# How to make an "interesting" flat white



## AndyZap (Dec 29, 2016)

I can make good espresso (most of the time) and I do enjoy the taste. But as soon as I add milk to it, not much left of the "interesting" bits. The flat white is nice and smooth, nothing alarms me in the taste. But equally nothing to show off to my friends (and all of them have coffee with milk ...).

I use mostly medium-roast beans, e.g. from the Has Bean subscription or Gatare from Foundry.

Whats is the trick to make flat whites with more "interesting" taste? Do I need e.g. to brew longer medium-roast beans, to make espresso a bit more bitter to cut through? Maybe this is the pre-infusion which softens the taste (this is what I usually use). Or do I need a dark-roast to make it work?


----------



## MildredM (Feb 13, 2017)

What size cup are you using, and what weight of beans/shot? And if you have a FW out, at a decent coffee shop, how would you compare the taste to yours?
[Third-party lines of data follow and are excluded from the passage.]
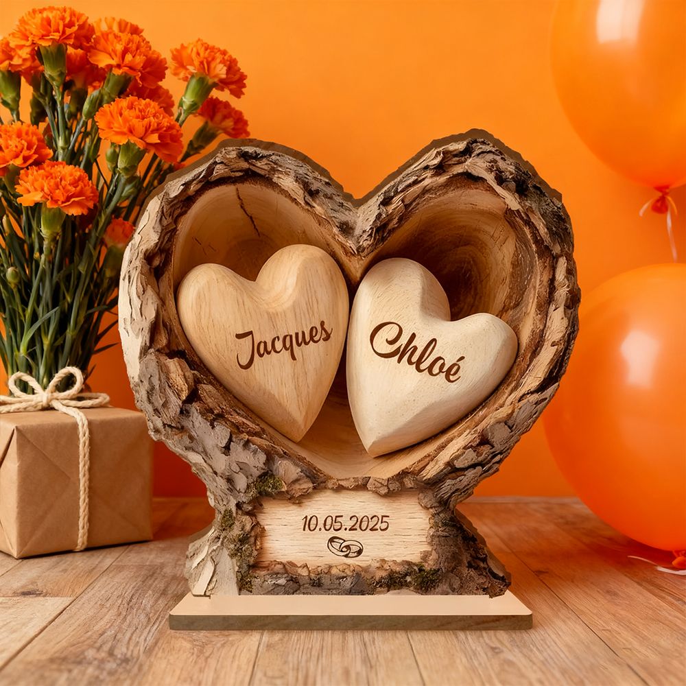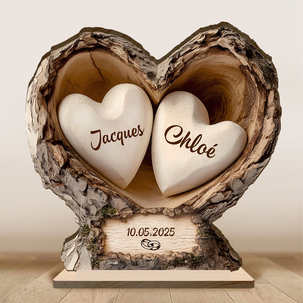 Personalized Wooden Heart-Shaped Trunk Plaque with Stable Base for Couples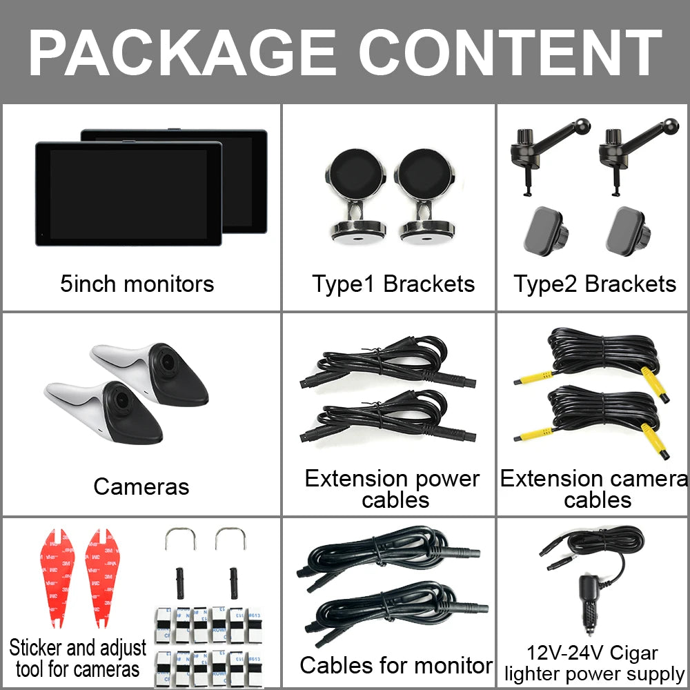 5inch touch screen digital side view monitor with 2pcs AHD 1080P camera with AI function (2pcs monitor+2pcs cameras)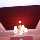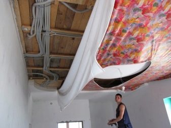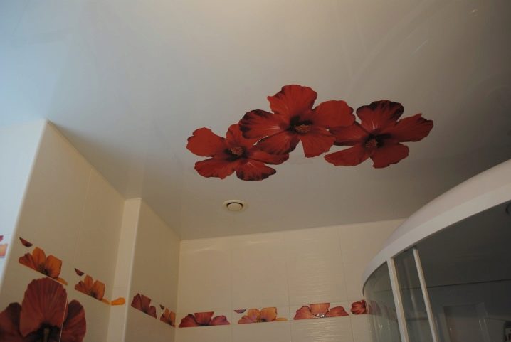 За тавани от плат обикновено се използват фотопечат и акрилни бои. Като модел най -често се използват флорални мотиви. Можете да боядисате такъв таван в плътен цвят, хармонизиращ или контрастиращ с цвета на стените, или да създадете уникален модел благодарение на боите върху тъканите.. В този случай работата трябва да се извърши след инсталирането..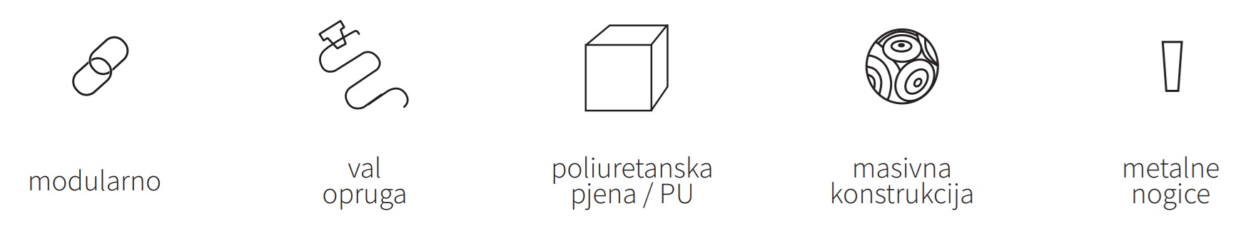 Svojim jednostavnim, ravnim linijama i naglašenim volumenom sjedišta unosi suvremen karakter u svaki prostor. Konstrukcija je izrađena od masivnog drva i kvalitetnih materijala, a sjedišta su punjena HR pjenom koja osigurava dugotrajnu udobnost.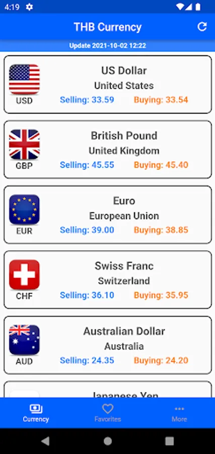 Calculate/convert currencies Foreign exchange rates against the Thai baht.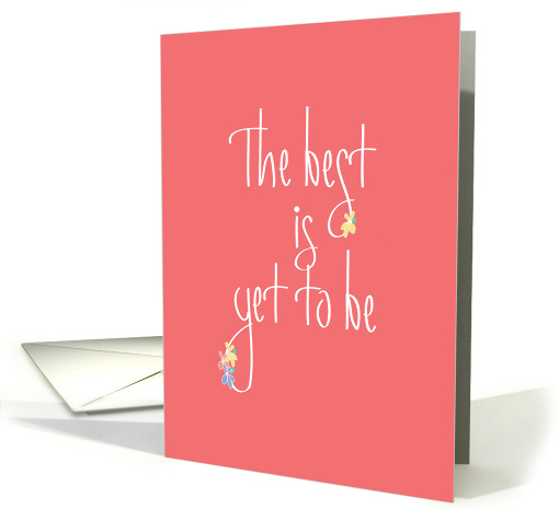 | Artist Notes: | This card is beautiful way to share meaningful encouragement with someone special who is in need of some. The background of the card is a rich salmon color, with the message "The best is yet to be", elegantly hand lettered, in white. Flowers of yellow, light pink and blue are interwoven into some of the lettering, adding further joy and color to the card. The card's inside wording is "You have a wonderful future ahead of you." |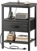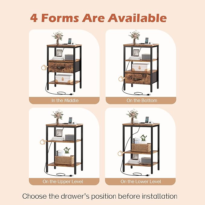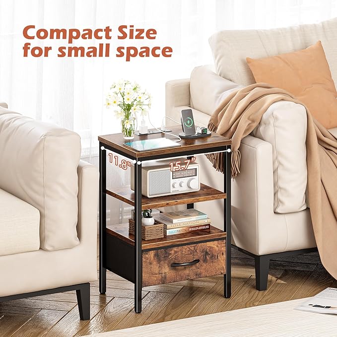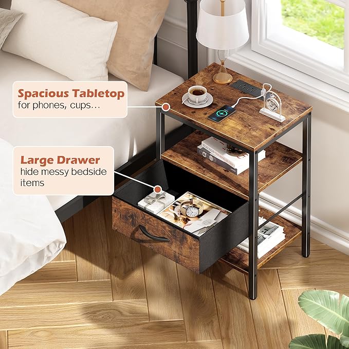 SUPERJARE Nightstand with Charging Station, Bed Side Table with Adjustable Fabric Drawer, Night Stand for Bedroom, 3-Tier Storage End Table, for Living Room, Rustic Brown
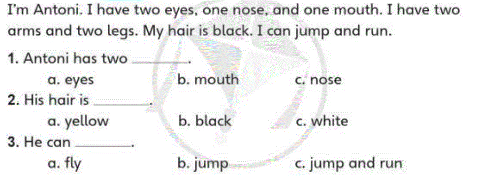 I’m Antoni. I have two eyes, one nose, and one mouth. I have two arms and two legs. My hair is black. I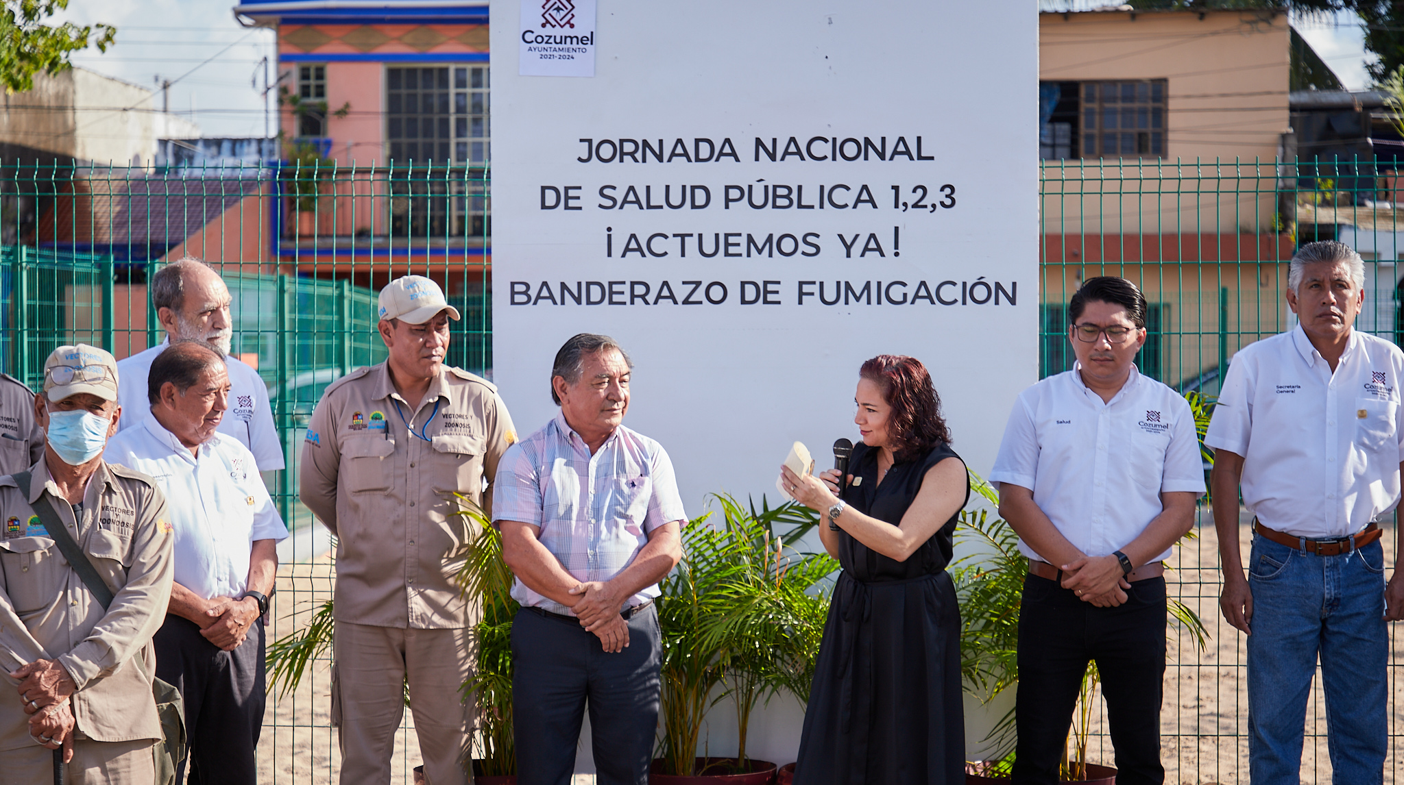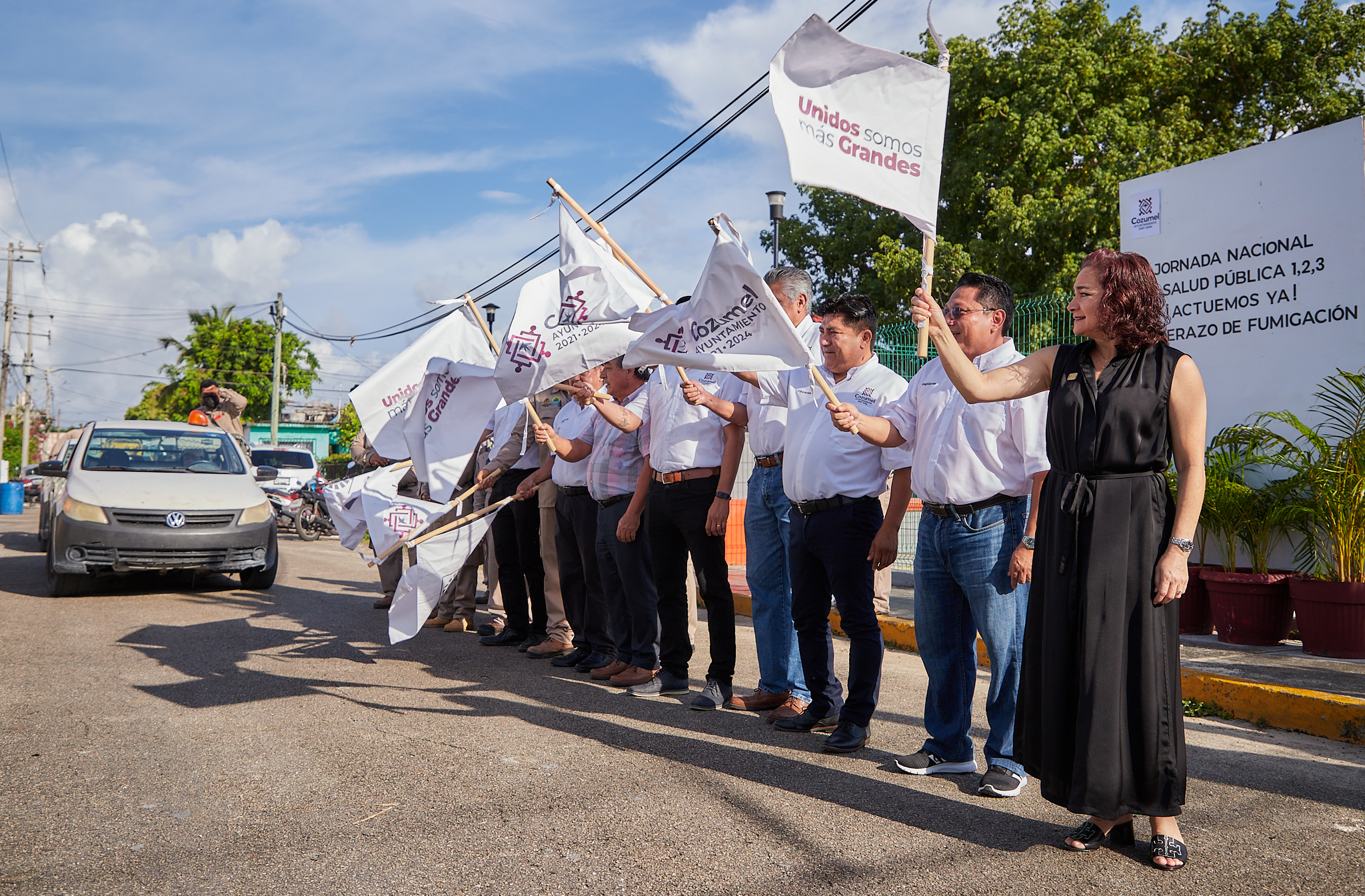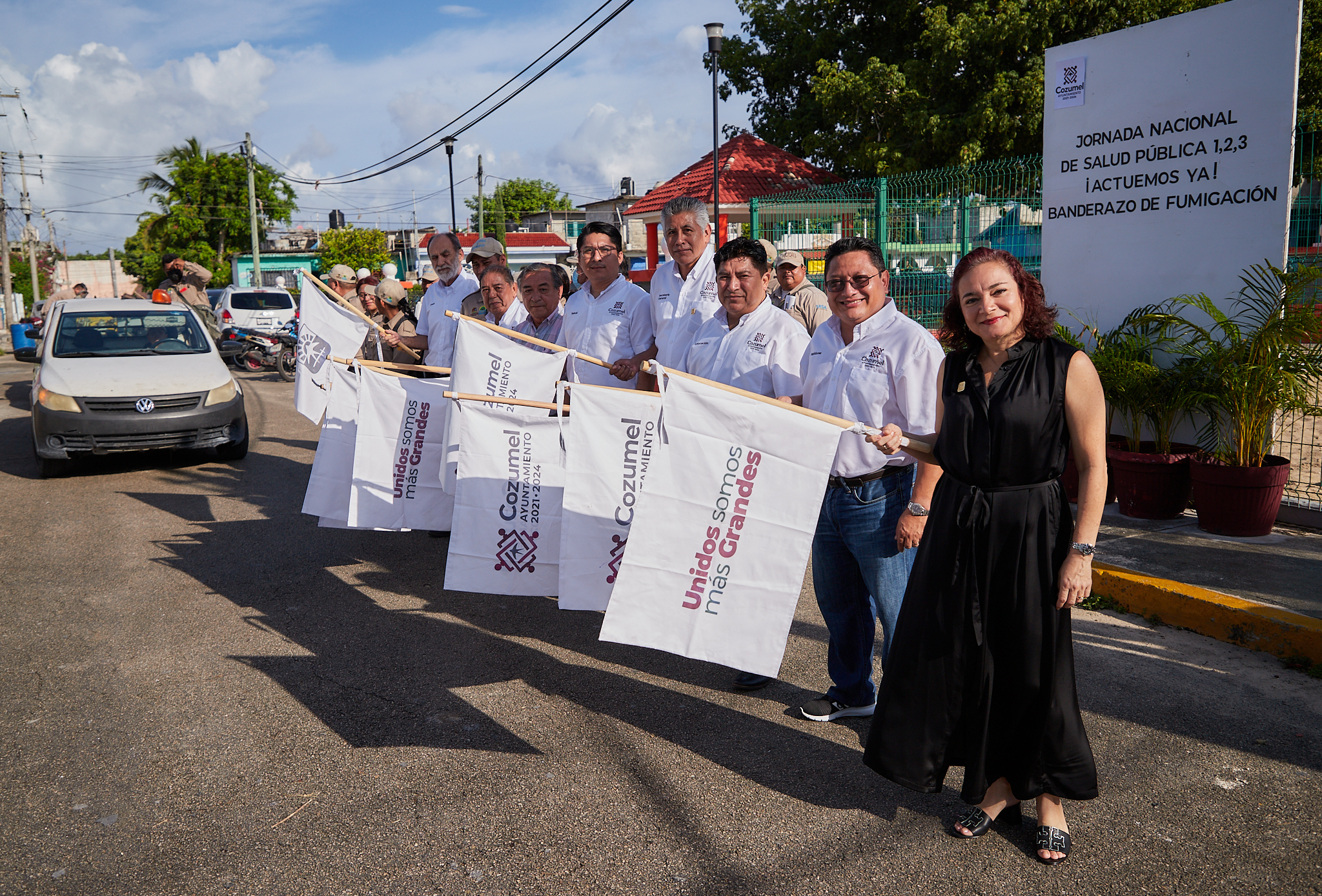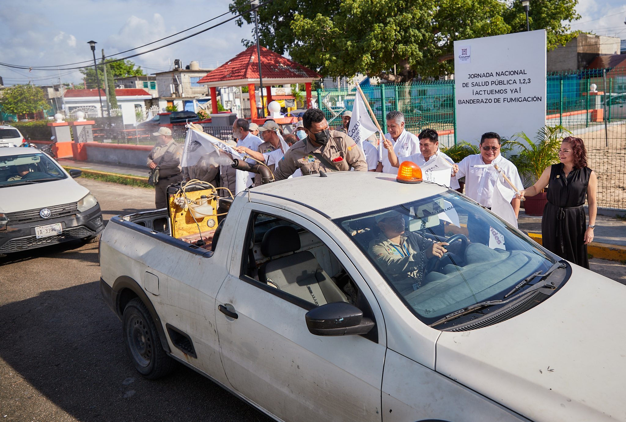 De manera simbólica la presidenta municipal Juanita Alonso Marrufo dio el banderazo de inicio de las acciones relacionadas a la jornada nacional por la que felicitó y agradeció a las dependencias involucradas por el trabajo coordinado a favor de la salud, con la recolecta de cacharros, nebulización, abatización y control larvario.

I use 150ml cups 34g shot using 15g beans, and then around 80g foamed milk weight. I think a lot depends on the quality of your milk 'foaming' for a tasty FW, among other things.


----------



## jj-x-ray (Dec 31, 2017)

As Mildred says, we need more detail on quantities.....ie if your putting a small shot in a vat of milk you won't taste nowt but milk.

However in my own limited experience, you do need strong flavours to punch through the milk and certainly (but not exclusively) a dark roast can help. I have been enjoying the java jampit hit blend from compass as a flatty. Quite a dark roast but very smooth and rich.


----------



## cloughy (Apr 11, 2018)

I use a dark roast 18g/36g in 180ml cup


----------



## AndyZap (Dec 29, 2016)

With Foundry' Gatare, I use 18.5g beans into 37-38g shot with 18g VST basket. I have 170 ml cup, fill with foamed milk to the top (did not check the milk weight although). The foamed milk is "ok", but definitely needs a bit of improvement. I use half-fat Yeo organic.

Today I tried espresso and flat white in "Department of coffee and social affairs" here in London, this coffee https://departmentofcoffee.com/shop/mellow-tide. Not bad, but definitely not as good espresso as I make Gatare. FW was about as mine, "milky"...

Another coffee shop around is Taylor St Baristas https://www.taylor-st.com/. That is the FW I want to match. I am not good at describing the taste, but the taste which is very distinct from the milk, the taste which clearly "cuts through". And I think their milk taste really good (they use Yeo organic, I think, and probably full fat).


----------



## MildredM (Feb 13, 2017)

I tend to think of a 150ml cup as a flat white cup. Any more and I'm into cappa territory, so that could explain your lack of taste, in part. I also prefer ss milk as I find full fat way to 'milky', or creamy, and to me it just overwhelms the coffee. My flats just don't taste like a milky drink!

Change one thing a a time. Cup size and shot to milk balance first, maybe?


----------



## Mrboots2u (May 10, 2013)

Coffee tastes better without milk







it may taste a little flat to you as your used to black coffee, your diluting it and adding a big sweeter. But do your friends enjoy it, it may not be dull to them. Perhaps try them with an Americano with cold milk. Ween them off the white stuff.


----------



## tobyjrn6 (Dec 22, 2016)

Have to say i always felt this way with a lot of medium roast coffees - tasty and inoffensive but a tad boring. I've just picked up a dark(ish) roasted naturally processed ethiopian from rave and even in as much as a latte size cup i get loads of plum flavours + tge standard chocolate. Think this has confirmed to me that darker beans are the way to go when it comes to making milk drinks interesting - probably why starbucks has any appeal at all to the naïve...


----------



## Deeez Nuuutz (Apr 15, 2018)

I use flat white cups (150ml) but I do find that latte art is a lot easier and comes out better when I use a larger cup like 200ml. But hen I lose the taste of the coffee too much. Catch 22!


----------



## Dumnorix (Dec 29, 2017)

I must admit I really like the taste of natural process coffees as a flat white.


----------